この記事では、Vitest VueでAPIをモック化する2つの実践的な戦略を取り上げます。vi.mockを使用してAPIモジュールを直接置き換える方法と、Mock Service Worker (MSW)を使用してHTTPレイヤーでリクエストをインターセプトする方法です。また、両方のアプローチを確実に機能させるために必要なVue固有の非同期処理についても学びます。
重要なポイント
- テストにおける実際のネットワークコールは、不安定で遅く、非決定的な結果を生み出します — モック化によってレスポンスを完全に制御できます。
vi.mockはインポートレベルでAPIモジュールを置き換えるため、高速で分離されたユニットテストに最適です。- MSWはネットワークレイヤーでリクエストをインターセプトし、実際のfetchやaxiosロジックを実行させることで、よりリアルな統合テストを実現します。

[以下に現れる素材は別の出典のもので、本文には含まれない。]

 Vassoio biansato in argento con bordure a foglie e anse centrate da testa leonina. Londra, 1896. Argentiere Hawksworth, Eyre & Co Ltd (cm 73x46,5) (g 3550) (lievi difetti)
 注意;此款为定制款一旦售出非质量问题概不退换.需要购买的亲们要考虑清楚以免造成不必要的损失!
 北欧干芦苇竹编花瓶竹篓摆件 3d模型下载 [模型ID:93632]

@vue/test-utilsのflushPromises()は、コンポーネントがDOMを更新する前に非同期リクエストを待機する場合に一般的に必要です。
VitestでVueコンポーネントテストにおいてAPIコールをモック化する必要がある理由
テストにおける実際のネットワークコールは非決定的な結果を生み出します。外部APIが遅い、または利用できないという理由だけで、同じテストがローカルでは成功し、CIでは失敗することがあります。モック化によってネットワークが返す内容を制御できるため、テストが高速で予測可能な状態を保てます。

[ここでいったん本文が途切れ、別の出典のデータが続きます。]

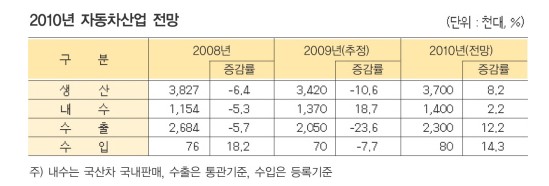 ▶2009년 내수 18.7% 증가, 수출은 23.6% 감소 2009년 내수판매는 글로벌 금융위기에 따른 소비심리 위축과 금융경색으로 4월까지는 15% 이상 감소세를 보였으나 5월부터 증가세로 전환되는 급반전이 나타났다. 그 이유는 승용차 개별소비세 30% 인하조치가 6월 말로 끝나는 데다 5월부터 노후차교체시 개별소비세·취득세·등록세의 70% 감면조치 등 내수부양책에 힘입은 것이다. 업계차원에서는 YF쏘나타, 투싼ix, 쏘렌토R, 마티즈 크리에이티브, 뉴SM3 등 다양한 신차를 내놓으면서 교체수요를 견인했다. 차종별로는 소형승용, SUV가 30% 이상 급증했으며 중소서비스업의 경기회복 기대감으로 1톤트럭도 24% 이상 증가했다. 업체별로는 라인업이 강한 현대차, 기아차와 뉴SM3를 출시한 르노삼성차가 호조를 보였다. 2009년 수출은 최대시장인 미국·서유럽 침체와 일부국가의 금융위기로 23.6%나 감소한 것으로 추정된다. 대미수출은 23% 감소하고 서유럽수출도 29%나 감소했다. 원자재가격하락과 금융위기 피해가 컸던 동유럽과 중남미 수출도 각각 76.7%, 16.3% 감소했다. 해외생산이 1,850천대로 27% 증가한 것도 수출에 영향을 미쳤다. 부품을 포함한 자동차수출액은 28.5% 감소한 350억달러에 그쳤다. ▶2010년 내수판매 2.2% 증가한 1,400천대 전망 2010년은 세계 자동차판매가 회복세로 돌아서면서 최대시장으로서 중국의 부상, GM·토요타의 반격, 전기차 및 저가차 개발경쟁 등이 핵심이슈가 될 전망이다. 내수는 경기회복에도 불구하고 전년수준에 그치겠으나 수출이 신흥국 중심으로 본격 회복되면서 국내생산은 8.2% 증가한 3,700천대, 해외생산은 24.3% 증가한 2,300천대로 한국차의 글로벌 경쟁력이 향상될 전망이다. 2010년 국내경제는 민간소비와 투자가 증가하고 수출개선추세가 유지되어 5%대의 성장이 가능할 전망이다. 지난해 금융경색과 고용불안 등으로 위축되었던 소비심리가 개선되고, 특히 민간의 설비 및 건설투자 회복이 트럭판매에 긍정적인 영향을 줄 것으로 기대된다. 다만 금리상승에 따른 가계부채부담 가중, 원자재가 상승, 원화가치 상승 등이 하반기 회복세를 둔화시킬 전망이다. 시장측면에서 2009년 말 노후차량 교체지원 종료에 따른 선취구매에도 불구하고 잠재대체수요가 꾸준히 증가하고 있다는 점과 10개의 신차가 예정되어 있다는 점이 수요증가에 플러스영향을 줄 것이다. 10년 이상 노후차량은 2008년 말 총등록차의 26.8%인 4,499천대였으나 2009년 10월 말엔 4,917천대로 418천대 늘어났다. 지난해 최대 250만원의 세제지원이 폭발적인 대체수요로 나타난 사실에 비춰볼 때 2010년에도 업계의 판촉전략에 따라 내수가 증가할 여력은 충분하다 하겠다. 더욱이 아반떼, SM5, 스포티지, 그랜저 등의 신차는 시장영향력이 클 전망이다. 현대차 그랜저신형, 기아차 K7, 르노삼성차 SM5, 지엠대우 VS300이 경합하는 중대형급에서 경쟁이 가장 치열할 전망이다. ▶수출은 12.2% 증가한 2,300천대 전망 2010년 자동차수출은 과거 2년 연속 감소에서 탈피해 12.2% 증가한 2,300천대가 예상된다. 주요국의 내수부양책 종료로 수요위축이 우려됨에도 불구하고 수출이 회복될 것으로 보는 이유는 ☞첫째, 세계 자동차수요가 3.9% 증가로 글로벌 침체에서 벗어날 것으로 예상되기 때문이다. 독일, 프랑스, 이탈리아 등 폐차인센티브를 실시했던 서유럽 수요만 3% 감소가 예상되지만 미국 11.9%, 동유럽 6.1%, 남미 6.6% 등 본격적인 회복이 예상된다. ☞둘째, 자동차수요가 선진국에서 절반 이상이 개도국수요로 전환된 가운데 신흥국의 수요조건에 국산차 스펙이 잘 어울리기 때문이다. 한국차는 대부분 중소형 승용 및 RV인 데다 가격대비 품질경쟁력이 우월하기 때문이다. ☞셋째, GM의 정상화로 지엠대우의 수출도 회복되고 르노삼성차도 중국 등 시장개척과 신모델 투입이 확대될 전망이다. 한편 지난해 유리하게 전개됐던 원화가치 상승과 엔화강세가 크게 완화되면서 국산차의 가격경쟁력 약화가 우려된다. 또한 금융위기와 엔화강세 피해를 많이 받은 토요타, 혼다 등 일본차의 공세와 구미업체들의 소형 저가차 개발 대응으로 시장별 경쟁심화가 예상된다. 신흥시장에 대한 판매망 및 애프터서비스망 확충, 차별화된 판촉기법개발, 해외정보수집 강화 등 마케팅 강화와 함께 노사안정과 국내외 생산거점의 유연성 확보로 한국차 글로벌 경쟁력을 한단계 높여야 할 것이다. (한국자동차공업협회 산업조사팀장) |

戦略1: vi.mockによるAPIモジュールのモック化
最も直接的なアプローチは、コンポーネントがHTTPコールを認識する前に、それを担当するモジュールを置き換えることです。
// quote.service.ts
export async function fetchQuote() {
const response = await fetch('https://api.example.com/quotes/random')
return response.json()
}
// QuoteCard.test.ts
import { mount, flushPromises } from '@vue/test-utils'
import { vi, test, expect } from 'vitest'
import { fetchQuote } from './quote.service'
import QuoteCard from './QuoteCard.vue'
// vi.mockは自動的にインポートより上に巻き上げられます
vi.mock('./quote.service')
test('マウント後に引用文を表示する', async () => {
vi.mocked(fetchQuote).mockResolvedValue({
id: 1,
quote: 'テスト用引用文',
author: 'テスター',
})
const wrapper = mount(QuoteCard)
// すべての保留中のPromiseとDOM更新が完了するまで待機
await flushPromises()
expect(wrapper.text()).toContain('テスト用引用文')
})
重要な詳細: vi.mockはVitestによってファイルの先頭に巻き上げられるため、すべてのインポートより前に実行されます。これはVitestモッキングAPIで文書化されている意図的な動作です。つまり、実際の関数を安全にインポートしても、テスト内ではモック化されたバージョンを受け取ることができます。
このパターンではflushPromises()の呼び出しが必要になることがよくあります。 マウント時にデータを取得するVueコンポーネントは、DOMを非同期的に更新します。flushPromisesのようなユーティリティは、アサーションが実行される前に保留中のPromiseが解決されることを保証し、ローディング状態に対してアサートすることを防ぎます。
このアプローチを使用するタイミング: 特定のコンポーネントやサービスを分離してユニットテストする場合で、戻り値や呼び出し回数を厳密に制御したい場合。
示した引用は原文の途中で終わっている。